Facing Roubidoux Creek, on the farm of J.W. Davis, 3 miles north of Cookville, are three caves. The largest is 40 or 50 feet above the foot of the bluff. It has an entrance 30 feet wide, the roof being 8 feet high. It is well lighted to a depth of 120 feet, where it curves. No refuse was observed, but the situation is favorable for habitation.

Another cave, near this, has an entrance 30 feet wide and 10 feet high; it is well lighted for 40 feet back.

The third cave of this series is a rock shelter a short distance south of the second, and higher up in the bluff.

All these appear to deserve an examination.


A cave on George Berry's land, in a ravine opening into the east side of Roubidoux Creek, 3 miles from Hanna post office, has a small entrance which is nearly closed by "drip rock," the roof, walls, and floor being thickly incrusted. These deposits, which it is said are even more abundant farther in, seem to be rather rapidly increasing in volume.


What is known as Maxey's Cave is 7 miles south of Waynesville, on the west side of Roubidoux Creek. It is by far the largest open cave in this region, the entrance being 40 feet high and 100 feet wide. It extends across the head of a ravine, and if the loose earth at the sides were cleared away it would be found still wider. The entire floor is covered with a mass of rocks of every size up to several tons, except at one side of the entrance where there is a small amount of loose earth.
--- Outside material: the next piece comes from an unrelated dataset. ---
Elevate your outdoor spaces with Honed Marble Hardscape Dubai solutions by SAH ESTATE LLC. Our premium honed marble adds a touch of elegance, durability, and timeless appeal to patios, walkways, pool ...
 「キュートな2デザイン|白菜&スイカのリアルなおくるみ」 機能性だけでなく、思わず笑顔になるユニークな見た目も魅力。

The front chamber is 300 feet long to where the cavern forks; in one of these forks daylight extends for 100 feet farther, or 400 feet from the mouth. Marks on the walls show that the entire floor is sometimes covered 2 or 3 feet deep with running water.
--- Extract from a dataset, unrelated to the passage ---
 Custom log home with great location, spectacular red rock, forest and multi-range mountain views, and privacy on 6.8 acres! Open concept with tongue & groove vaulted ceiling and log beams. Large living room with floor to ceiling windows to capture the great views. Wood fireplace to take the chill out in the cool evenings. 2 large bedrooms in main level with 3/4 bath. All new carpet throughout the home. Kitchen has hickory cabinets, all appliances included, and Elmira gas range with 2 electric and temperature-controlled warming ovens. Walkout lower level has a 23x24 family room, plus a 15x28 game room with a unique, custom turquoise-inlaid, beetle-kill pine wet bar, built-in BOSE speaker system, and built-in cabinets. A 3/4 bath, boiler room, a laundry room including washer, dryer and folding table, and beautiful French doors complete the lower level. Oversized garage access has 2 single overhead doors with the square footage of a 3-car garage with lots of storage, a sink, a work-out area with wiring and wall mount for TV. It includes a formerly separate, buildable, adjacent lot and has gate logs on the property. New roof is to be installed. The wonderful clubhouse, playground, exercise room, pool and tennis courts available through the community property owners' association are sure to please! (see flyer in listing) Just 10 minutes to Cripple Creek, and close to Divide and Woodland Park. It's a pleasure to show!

A survey made some years ago disclosed a mass of earth and rock "a long ways back in the hill;" definite figures could not be obtained. Beyond this point it was impossible to proceed. By running corresponding angles and lines on the surface outside the surveyors came to a very large sink hole, into which flowed the drainage of several farms. This explains the flood marks. Clearly the roof of the cave had fallen in at this point.